WORK REQUEST
When you reach the line that contains "This is a hand-sized", begin copying exactly and continue through the last line below. Do not copy pictures.

RECORDS SUPPLIED
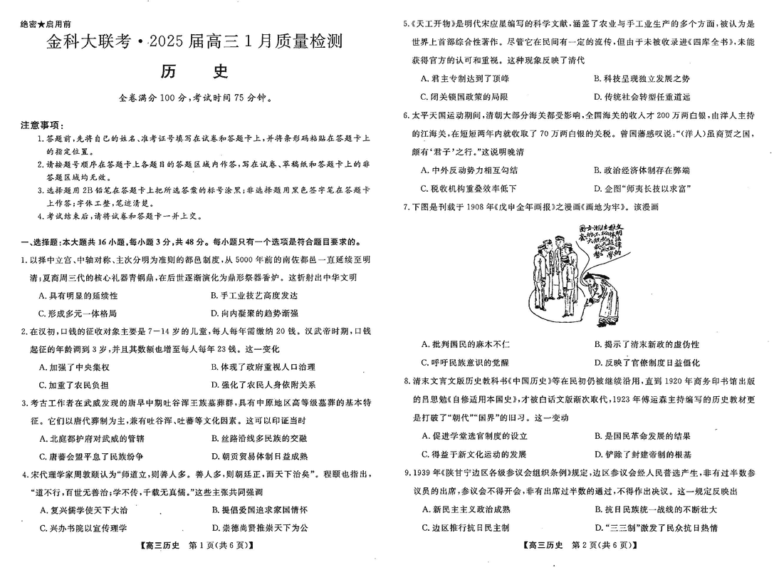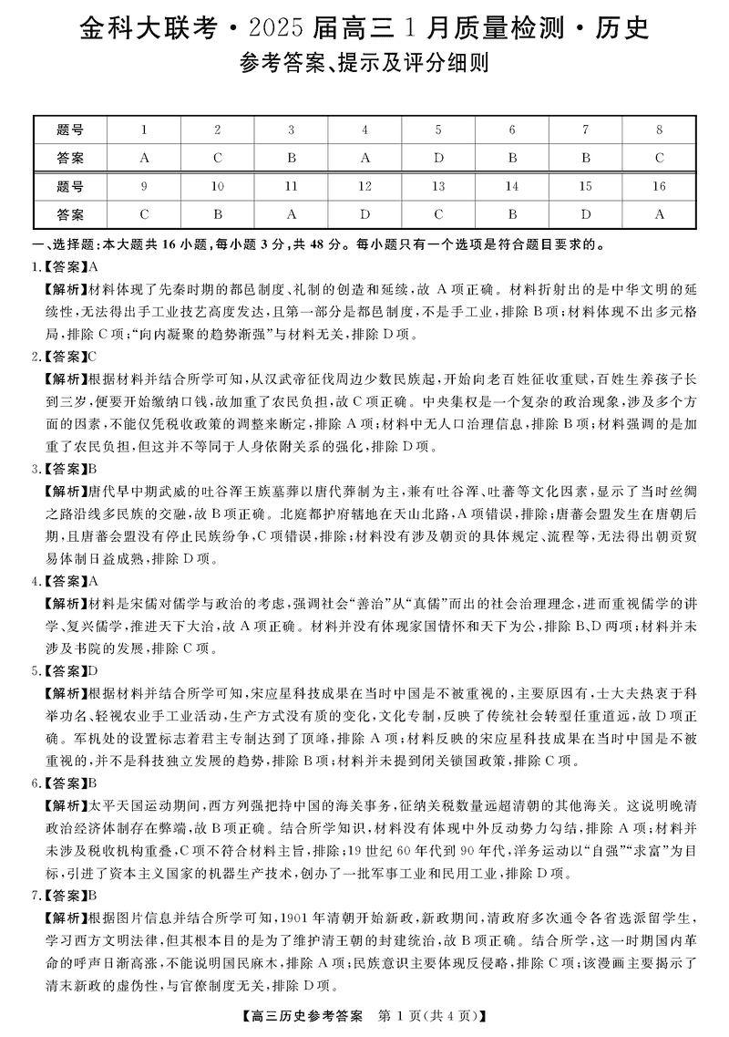 山西省金科大联考2025届高三1月质量检测历史试题及答案 时间:2025-01-27 山西 高中历史 山西省金科大联考2025届高三1月质量检测历史考试已于近日开考,为方便考生考后及时查看考试情况,查漏补缺、弥补不足,本文整理了试题答案解析相关信息! 历史试题及答案解析
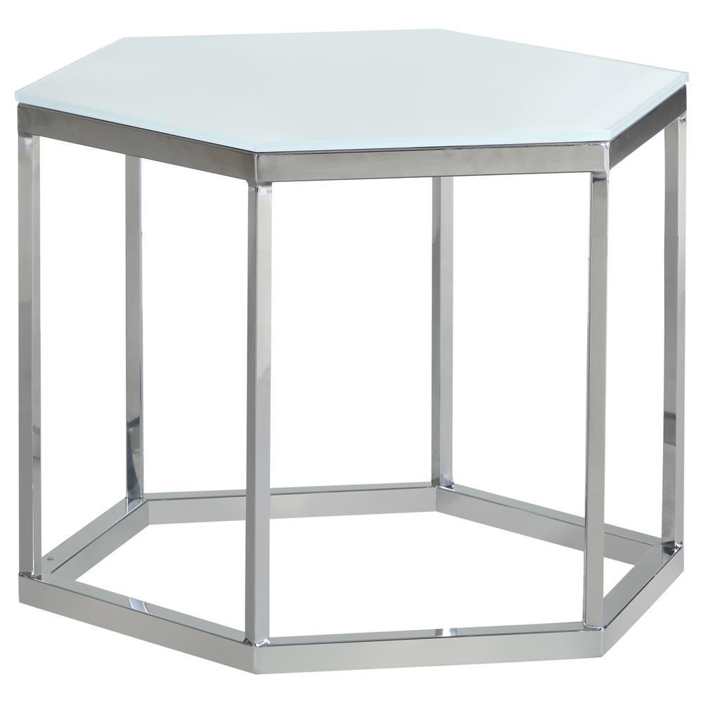 Hexagon - Glass Top Accent Table - White
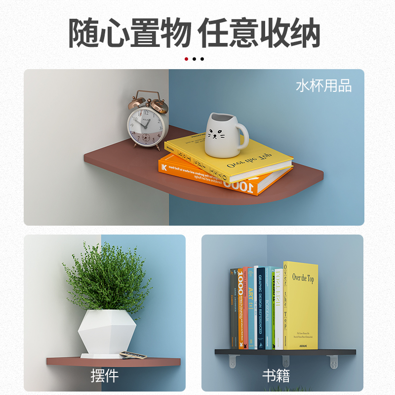 转角墙上置物架墙面书架子卧室壁挂免打孔厨房三角家用椭圆形隔板
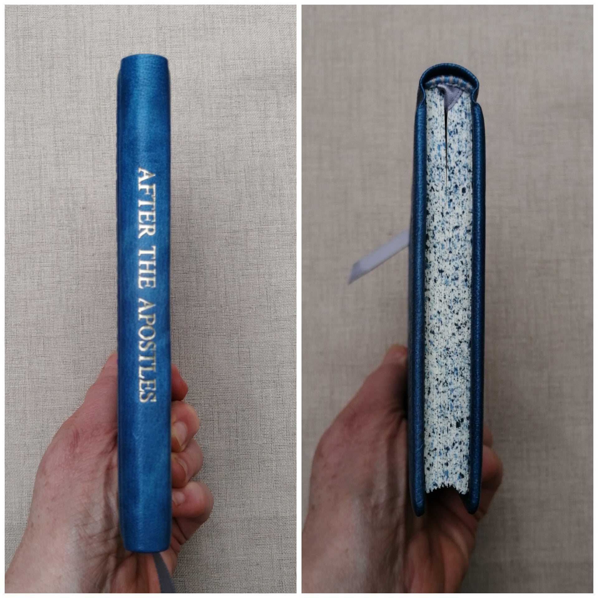 This is a hand-sized (A6) book that has been hand-stitched and case bound in veg-tanned goatskin that I have dyed and tooled myself. It has hand-stitched headbands, made printed marbled endpages that have been waxed with beeswax, one ribbon marker, speckled edges, and "AFTER THE APOSTLES" gold foiled on the spine.
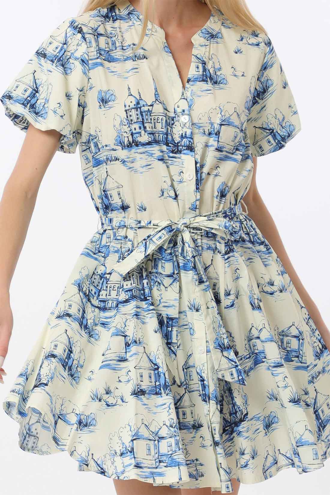Elevate your wardrobe with the Ivory Blue Bubble Belted Mini Dress, featuring a flattering belted waist and playful short bubble sleeves. The button-down front adds classic charm, while the mini length keeps it flirty and fresh. Perfect for both casual outings and special occasions, this dress combines comfort and style effortlessly. Embrace a look that moves with you and highlights your silhouette with ease.
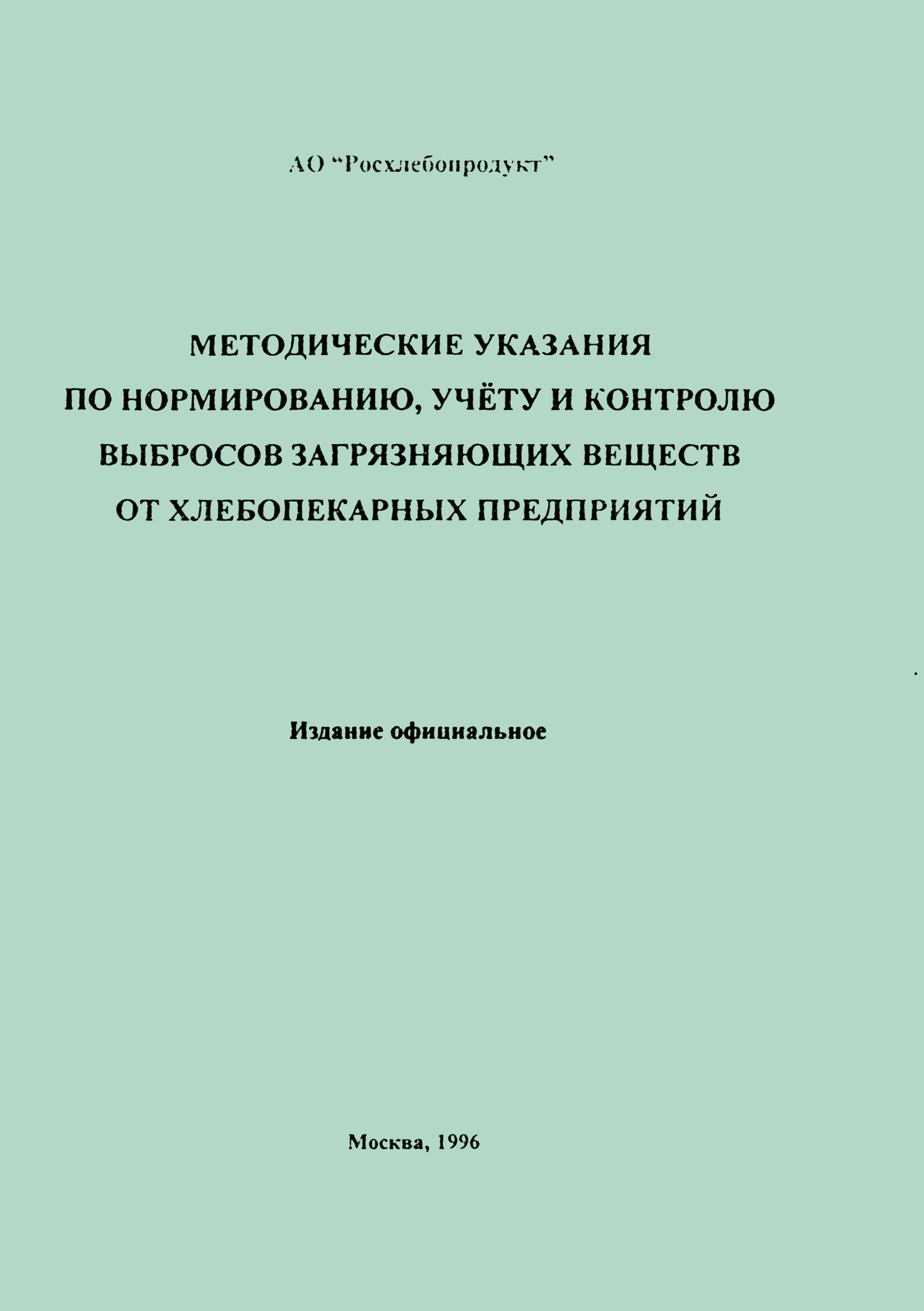 | Название рус.: | Методические указания по нормированию, учету и контролю выбросов загрязняющих веществ от хлебопекарных предприятий |

EXERCISE SOLUTION
 This is a hand-sized (A6) book that has been hand-stitched and case bound in veg-tanned goatskin that I have dyed and tooled myself. It has hand-stitched headbands, made printed marbled endpages that have been waxed with beeswax, one ribbon marker, speckled edges, and "AFTER THE APOSTLES" gold foiled on the spine.
Elevate your wardrobe with the Ivory Blue Bubble Belted Mini Dress, featuring a flattering belted waist and playful short bubble sleeves. The button-down front adds classic charm, while the mini length keeps it flirty and fresh. Perfect for both casual outings and special occasions, this dress combines comfort and style effortlessly. Embrace a look that moves with you and highlights your silhouette with ease.
 | Название рус.: | Методические указания по нормированию, учету и контролю выбросов загрязняющих веществ от хлебопекарных предприятий |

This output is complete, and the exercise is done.